Dr. Achhra told Infectious Disease Special Edition that it was good to see real-world follow-up over a couple of years. “Both regimens performed as well as they did in randomized trials.”
However, he added, “the main limitation [of TANDEM] was the follow-up duration, which was less than three years for these lifelong regimens. Longer term data on virological outcomes as well as comorbidities will be critical in further understanding the optimal HIV treatment paradigm.”
Dr. Benson agreed and cautioned that two-drug regimens may not be “a good option for everybody right now,” explaining that concerns about resistance mean he would like “to see what happens in 10 to 15 years” after two-drug regimen initiation.
Discontinuation of both regimens was uncommon among the study participants. Only one of the 126 ART-naive cohort patients receiving DTG/3TC, three of the 192 virologically suppressed patients who switched to DTG/3TC and four of the 151 virologically suppressed patients who switched to DTG/RPV discontinued treatment. Reasons for discontinuation included viremia, intolerance, toxicity, treatment-related food requirements, patient preference and virologic failure, although the failure was suspected to be due to nonadherence.
To better understand treatment decision making, the investigators surveyed the healthcare providers (HCPs) who treated the study patients. When asked which factors are relevant when considering treatment options for patients in the ART-naive cohort, HCPs most commonly pointed to limited healthcare access and comorbidities. HCPs also pointed to comorbidities for the virologically suppressed patients, citing polypharmacy and health insurance changes as additional factors.

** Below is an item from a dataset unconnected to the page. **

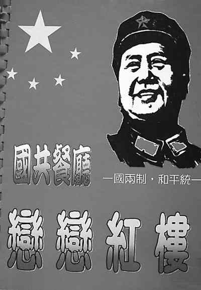我在金門旅游時(shí),幾位年輕的郵友帶我來到金門老街。這條老街據(jù)說已經(jīng)有幾百年的歷史了,大部分店鋪都保存著原有的風(fēng)貌。這些店鋪主要經(jīng)營(yíng)當(dāng)?shù)氐耐撂禺a(chǎn),比如金門貢糖、金門高粱酒、金門牛肉干、金門陳皮果,還有金門菜刀等,店鋪也像古代的酒店一樣,旗幡當(dāng)街飄揚(yáng),兩旁一盆盆的鮮花清香四溢,酒香花美,街道中央不時(shí)能看到百年的榕樹,盤根錯(cuò)節(jié)。海風(fēng)陣陣,這真是濤聲依舊,又見千年的滄桑,百年的風(fēng)雨,令人心曠神怡,不知今夕何夕。信步走來,我們想找個(gè)地方歇歇腳,喝喝咖啡。抬頭一看,前面“國(guó)共餐廳”4個(gè)大字極為醒目,紅旗飄揚(yáng),“走進(jìn)新時(shí)代”的歌聲清脆悅耳。我想:此時(shí)竟在何方,難道我們現(xiàn)在是在大陸嗎?難道國(guó)共雙方的代表曾在這里見過面嗎?我們帶著好奇心走進(jìn)了餐廳,美麗的小姐說著流利的普通話,熱情地歡迎我們,請(qǐng)我們?nèi)胱,為我們沏茶,而且馬上遞給我們一個(gè)菜譜。這菜譜一看,全是紅色,著軍裝的毛澤東像赫然在目,還有“一國(guó)兩制,和平統(tǒng)一”的口號(hào),還印著五星紅旗。打開菜譜一看,有不少大陸的名菜,也有毛澤東喜歡吃的紅燒肉、臭豆腐,真是令人激動(dòng)!

Regarding why patients were prescribed DTG/3TC or DTG/RPV specifically, physicians most commonly cited avoidance of long-term toxicities as the primary reason for both previously ART-naive and virologically suppressed patients. The second most cited reason was convenience for the ART-naive cohort and simplification or streamlining of treatment for the virologically suppressed patient cohorts.
The TANDEM study was funded by ViiV Healthcare. Dr. Benson reported a financial relationship with ViiV Healthcare. Dr. Achhra reported no relevant financial disclosures.
This article is from the June 2024 print issue.